▶ Dataset records:
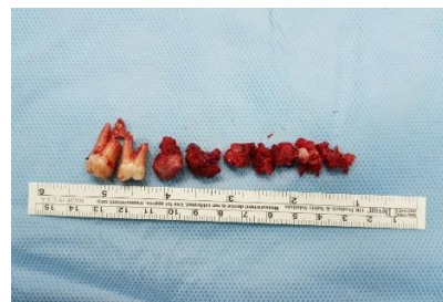
تصویر ۳: تومور استخوانی به همراه دندان‌های خارج شده درگیر

مطالعه Gordon و همکاران (۱۲) نشان دهنده شیوع ۵۹ درصدی استئوبلاستوما در مردان و ۴۱ درصدی در زنان می‌باشد. همچنین مندیل بیشتر از ماگزیلا درگیر این
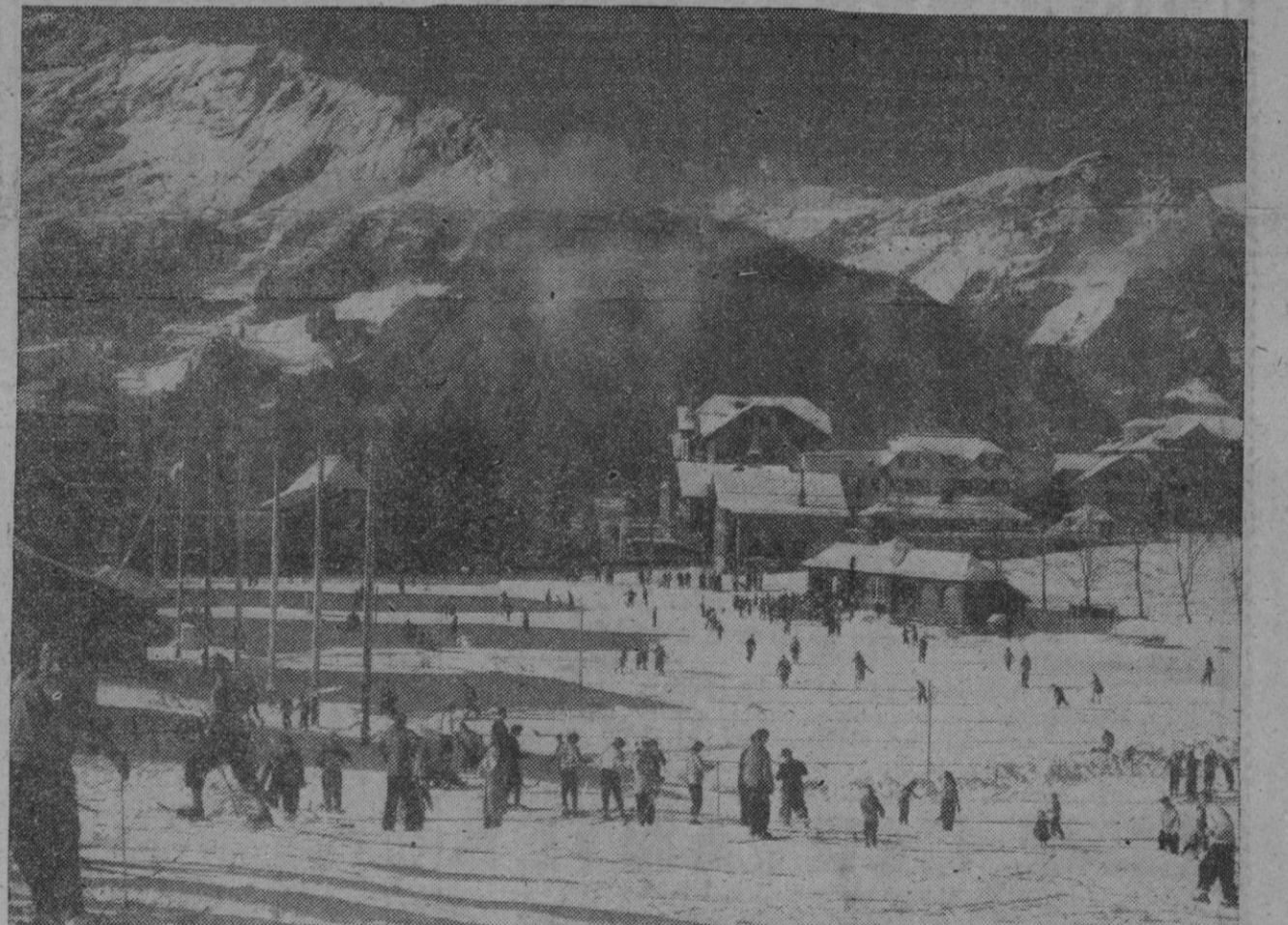
Un bello paraje suizo que, como se ve, está sobradamente concurrido por los amantes del deporte de la nieve. Por nuestra parte, pueden seguir con su "blanco meteo". Nosotros agradecemos a las pruebas atómicas posibles explicación de la muy poca que hasta ahora vemos por nuestras latitudes, esa intervención para que el invierno no haya sido tan crudo, por mucho que pese a los aficionados de por acá. Total, todo se reduce a tomar el tren en busca de otras regiones y así todos tan contentos

La primera provincia en valor de la producción minerosiderúrgica es Asturias con 3.900 millones de pesetas.—Cifra.
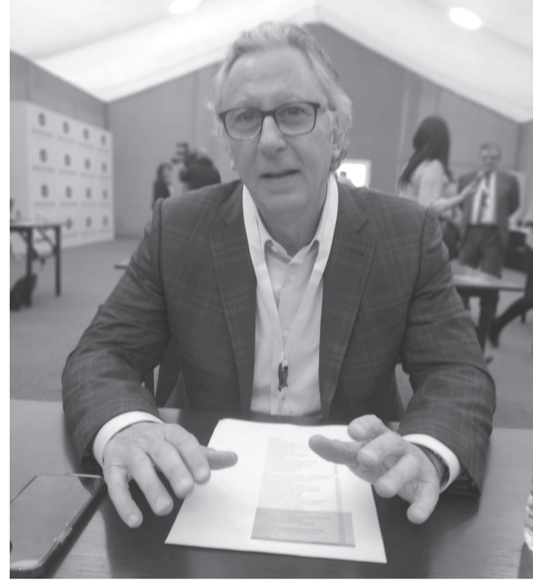
تمتوى ويشغل الأيدي العاملة ويرفد الخزينة بالعملة الصعبة . ولفت فخر الدين أن الحل لتردي الوضع الاقتصادي في الاردن يكمن في التركيز على
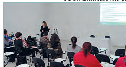
» Inovação em Turismo, Feevale/Veranópolis
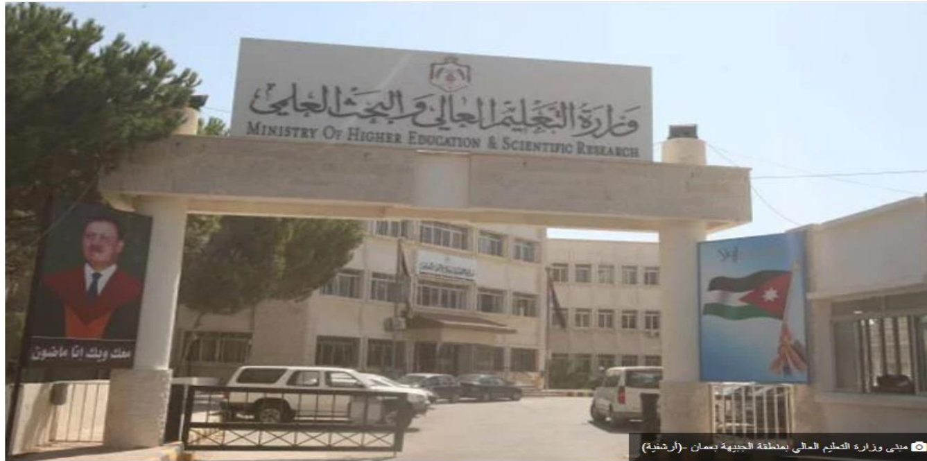
مبنى وزارة التعليم العالي بمنطقة الجيبة بعمان - (أرشيفية)
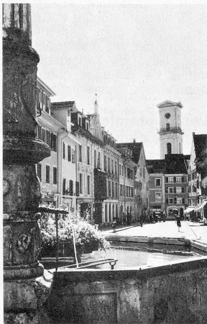
La fontaine de Delémont

Mais, au point de vue politique, les citoyens se plaignaient de n'avoir aucun droit: le Grand Conseil ne comptait que peu de représentants du peuple et les charges publiques étaient presque toutes attribuées aux membres de l'aristocratie bernoise.
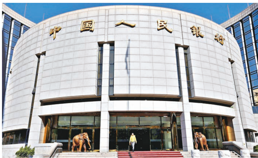
央行昨天在公開市場重啓逆回購,合計共1,000億元人民幣。資料圖片

隨著美國進入加息周期,中國內地已連續釋放貨幣政策收緊的信號。中國央行於1月底上調6個月和1年期MLF利率,於農曆新年假期後開工首日即上調公開市場逆回購操作利率,同時調高了常備借貸便利(SLF)利率。這一系列舉措
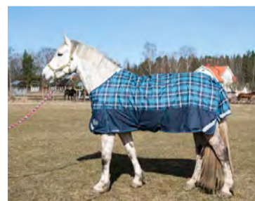
Shires Highlander Storlek 115-155 Pris: cirka 900 kronor www.shiresequestrian.com

Ett väldigt billigt täcke med relativt bra passform. Spännena framtill är reglerbara men tyget knölar sig lätt i bogen. Rymligt framtill och passar därför även hästar med lite bredare bogparti. Täcket har tygfoder över ryggen och nylonfoder i bogen. Det klarade sig helt från skador i tyget men klarade inte regntestet utan läckte in. På bilden syns förra årets färg.
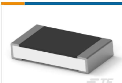
TE 产品编号1-2176391-0 RQ 1206 15K4 0.1% 10PPM 5K RL
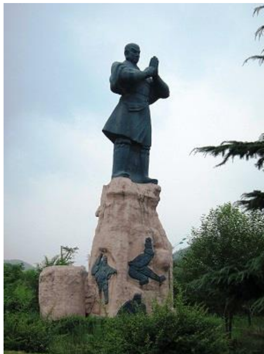
Fot. 1. Pomnik shaolińskiego mnicha usytuowany w odległości kilku kilometrów od klasztoru Shaolin

Informacje, uwagi oraz zalecenia shaolińskich mnichów dotyczące ich praktyk religijnych oraz ćwiczeń qigong
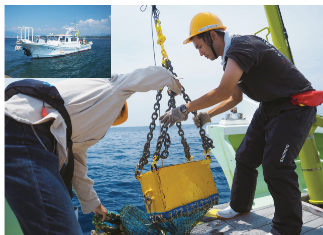
白浜沖にて、ヤンチナによるドレッジ調査の様子

船舶を運航時には、船舶免許等の資格がある技術職員が最低2名、調査等を行う場合には3名が乗船し航行・作業時の安全を確保しています。また年に1回船を陸に揚げ、船体・機器等の点検や、消耗品の交換、船底塗装などのメンテナンスを行い日々の安全運航に努めています。
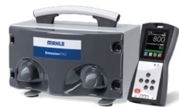
DMU 300 Opacimetro Codice: 1030400036xx
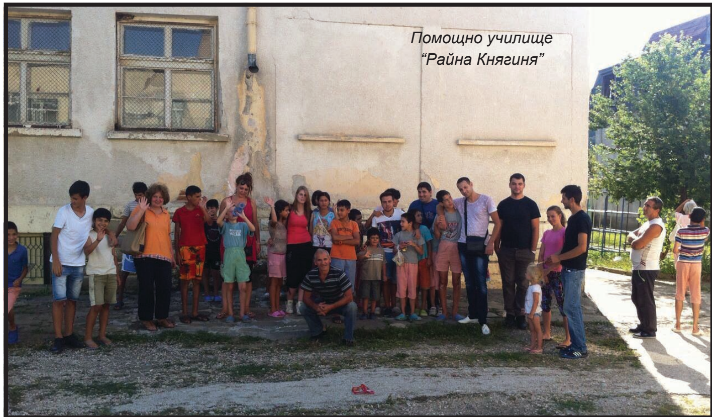
Помощно училище "Райна Княгиня"
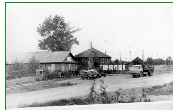
Здание Филипповской библиотеки
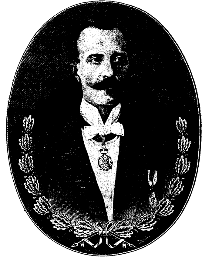
ВЕЛИКИ ПРОСВЕТНИ ДОБРОТВОР ДИМИТРИЈЕ СТАМЕНКОВИЋ ВИВ. ТРГОВАЦ БЕОГРАДСКИ (1845—1899)
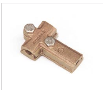
Conector Mecánico "T" C-304
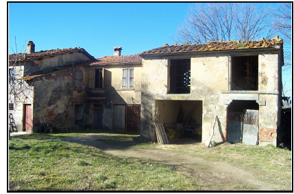
Foto: 03 Data ripresa: 02/02/2006 Edificio: 063/A File: 063-03.JPG
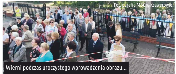
Wierni podczas uroczystego wprowadzenia obrazu...

▶ What the task requires:
Reproduce each line of the records exactly, and omit every picture.

▶ Answer to the exercise:
تصویر ۳: تومور استخوانی به همراه دندان‌های خارج شده درگیر

مطالعه Gordon و همکاران (۱۲) نشان دهنده شیوع ۵۹ درصدی استئوبلاستوما در مردان و ۴۱ درصدی در زنان می‌باشد. همچنین مندیل بیشتر از ماگزیلا درگیر این
Un bello paraje suizo que, como se ve, está sobradamente concurrido por los amantes del deporte de la nieve. Por nuestra parte, pueden seguir con su "blanco meteo". Nosotros agradecemos a las pruebas atómicas posibles explicación de la muy poca que hasta ahora vemos por nuestras latitudes, esa intervención para que el invierno no haya sido tan crudo, por mucho que pese a los aficionados de por acá. Total, todo se reduce a tomar el tren en busca de otras regiones y así todos tan contentos

La primera provincia en valor de la producción minerosiderúrgica es Asturias con 3.900 millones de pesetas.—Cifra.
تمتوى ويشغل الأيدي العاملة ويرفد الخزينة بالعملة الصعبة . ولفت فخر الدين أن الحل لتردي الوضع الاقتصادي في الاردن يكمن في التركيز على
» Inovação em Turismo, Feevale/Veranópolis
مبنى وزارة التعليم العالي بمنطقة الجيبة بعمان - (أرشيفية)
La fontaine de Delémont

Mais, au point de vue politique, les citoyens se plaignaient de n'avoir aucun droit: le Grand Conseil ne comptait que peu de représentants du peuple et les charges publiques étaient presque toutes attribuées aux membres de l'aristocratie bernoise.
央行昨天在公開市場重啓逆回購,合計共1,000億元人民幣。資料圖片

隨著美國進入加息周期,中國內地已連續釋放貨幣政策收緊的信號。中國央行於1月底上調6個月和1年期MLF利率,於農曆新年假期後開工首日即上調公開市場逆回購操作利率,同時調高了常備借貸便利(SLF)利率。這一系列舉措
Shires Highlander Storlek 115-155 Pris: cirka 900 kronor www.shiresequestrian.com

Ett väldigt billigt täcke med relativt bra passform. Spännena framtill är reglerbara men tyget knölar sig lätt i bogen. Rymligt framtill och passar därför även hästar med lite bredare bogparti. Täcket har tygfoder över ryggen och nylonfoder i bogen. Det klarade sig helt från skador i tyget men klarade inte regntestet utan läckte in. På bilden syns förra årets färg.
TE 产品编号1-2176391-0 RQ 1206 15K4 0.1% 10PPM 5K RL
Fot. 1. Pomnik shaolińskiego mnicha usytuowany w odległości kilku kilometrów od klasztoru Shaolin

Informacje, uwagi oraz zalecenia shaolińskich mnichów dotyczące ich praktyk religijnych oraz ćwiczeń qigong
白浜沖にて、ヤンチナによるドレッジ調査の様子

船舶を運航時には、船舶免許等の資格がある技術職員が最低2名、調査等を行う場合には3名が乗船し航行・作業時の安全を確保しています。また年に1回船を陸に揚げ、船体・機器等の点検や、消耗品の交換、船底塗装などのメンテナンスを行い日々の安全運航に努めています。
DMU 300 Opacimetro Codice: 1030400036xx
Помощно училище "Райна Княгиня"
Здание Филипповской библиотеки
ВЕЛИКИ ПРОСВЕТНИ ДОБРОТВОР ДИМИТРИЈЕ СТАМЕНКОВИЋ ВИВ. ТРГОВАЦ БЕОГРАДСКИ (1845—1899)
Conector Mecánico "T" C-304
Foto: 03 Data ripresa: 02/02/2006 Edificio: 063/A File: 063-03.JPG
Wierni podczas uroczystego wprowadzenia obrazu...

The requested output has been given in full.